*** Opening RECORD SET ***

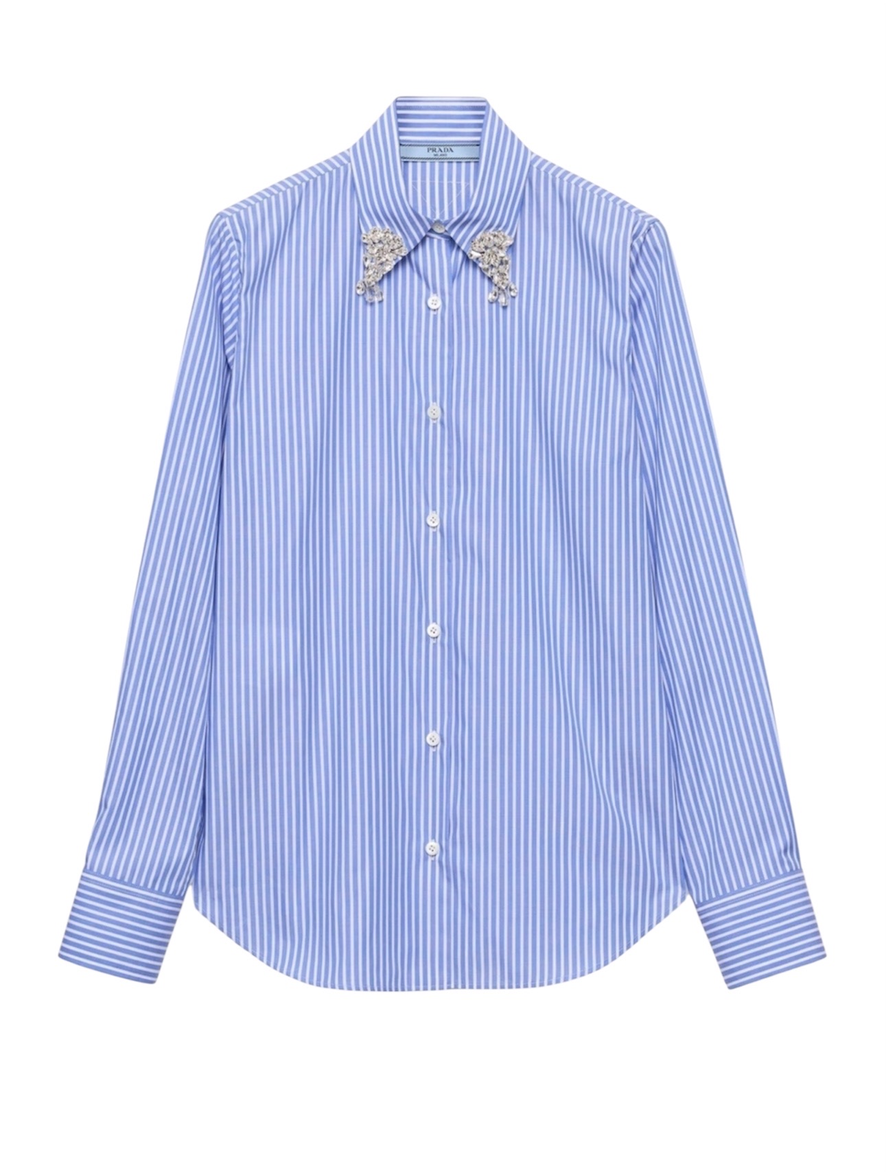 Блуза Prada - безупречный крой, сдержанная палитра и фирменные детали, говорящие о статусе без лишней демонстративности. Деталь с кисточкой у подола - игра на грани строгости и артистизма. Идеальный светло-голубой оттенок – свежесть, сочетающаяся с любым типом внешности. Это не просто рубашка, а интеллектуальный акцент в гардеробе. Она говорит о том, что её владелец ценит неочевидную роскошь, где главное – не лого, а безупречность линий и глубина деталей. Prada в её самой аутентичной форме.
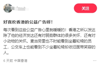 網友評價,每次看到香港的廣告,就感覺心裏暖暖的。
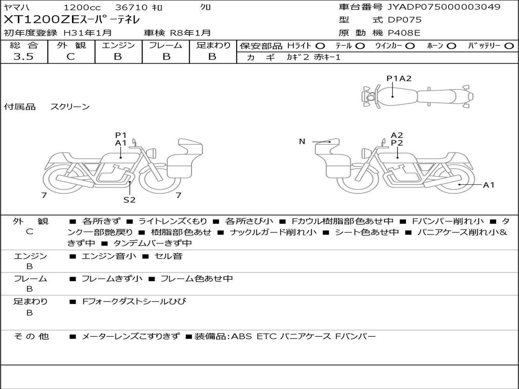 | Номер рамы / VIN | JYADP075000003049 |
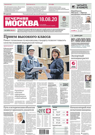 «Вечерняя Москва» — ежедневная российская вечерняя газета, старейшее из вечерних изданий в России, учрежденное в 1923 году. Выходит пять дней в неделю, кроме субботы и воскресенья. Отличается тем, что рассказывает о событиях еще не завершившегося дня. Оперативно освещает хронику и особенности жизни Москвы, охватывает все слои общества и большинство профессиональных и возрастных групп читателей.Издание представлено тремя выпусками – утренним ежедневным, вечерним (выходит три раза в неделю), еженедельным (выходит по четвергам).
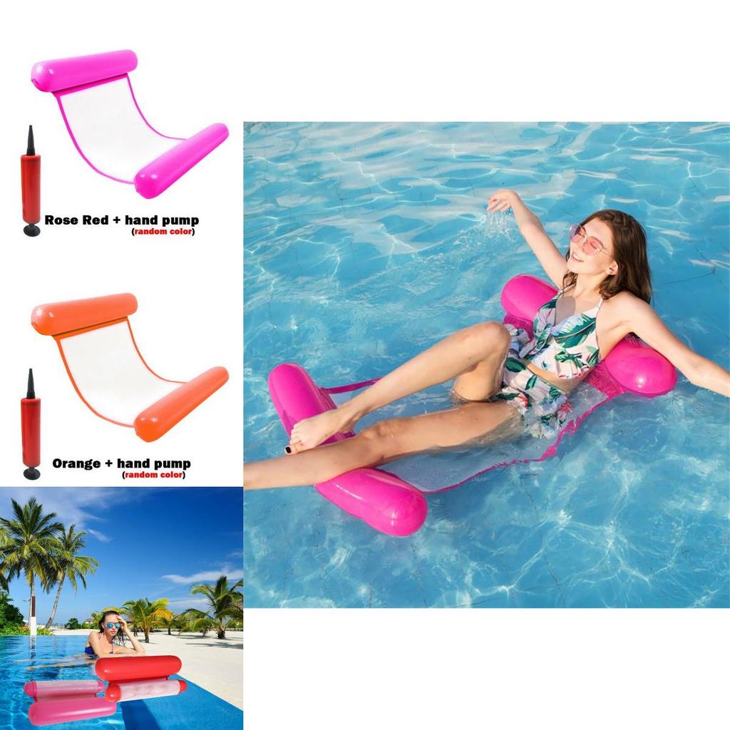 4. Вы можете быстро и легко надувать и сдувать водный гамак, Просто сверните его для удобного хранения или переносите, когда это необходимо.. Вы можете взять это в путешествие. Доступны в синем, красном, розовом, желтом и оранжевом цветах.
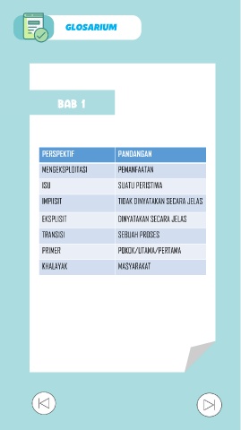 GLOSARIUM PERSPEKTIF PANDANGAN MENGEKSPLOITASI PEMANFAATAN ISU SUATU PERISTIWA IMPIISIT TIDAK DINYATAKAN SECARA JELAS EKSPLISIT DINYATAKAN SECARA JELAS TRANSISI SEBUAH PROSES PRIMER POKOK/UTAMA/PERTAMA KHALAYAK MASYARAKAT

*** Closing RECORD SET ***

INSTRUCTIONS FOR THE TASK
Return verbatim every line from the line containing "網友評價,每次看到香港的廣告,就感覺心裏暖暖的。" to the last line of the entries above, inclusive, and leave out the pictures.

RESULT
 網友評價,每次看到香港的廣告,就感覺心裏暖暖的。
 | Номер рамы / VIN | JYADP075000003049 |
 «Вечерняя Москва» — ежедневная российская вечерняя газета, старейшее из вечерних изданий в России, учрежденное в 1923 году. Выходит пять дней в неделю, кроме субботы и воскресенья. Отличается тем, что рассказывает о событиях еще не завершившегося дня. Оперативно освещает хронику и особенности жизни Москвы, охватывает все слои общества и большинство профессиональных и возрастных групп читателей.Издание представлено тремя выпусками – утренним ежедневным, вечерним (выходит три раза в неделю), еженедельным (выходит по четвергам).
 4. Вы можете быстро и легко надувать и сдувать водный гамак, Просто сверните его для удобного хранения или переносите, когда это необходимо.. Вы можете взять это в путешествие. Доступны в синем, красном, розовом, желтом и оранжевом цветах.
 GLOSARIUM PERSPEKTIF PANDANGAN MENGEKSPLOITASI PEMANFAATAN ISU SUATU PERISTIWA IMPIISIT TIDAK DINYATAKAN SECARA JELAS EKSPLISIT DINYATAKAN SECARA JELAS TRANSISI SEBUAH PROSES PRIMER POKOK/UTAMA/PERTAMA KHALAYAK MASYARAKAT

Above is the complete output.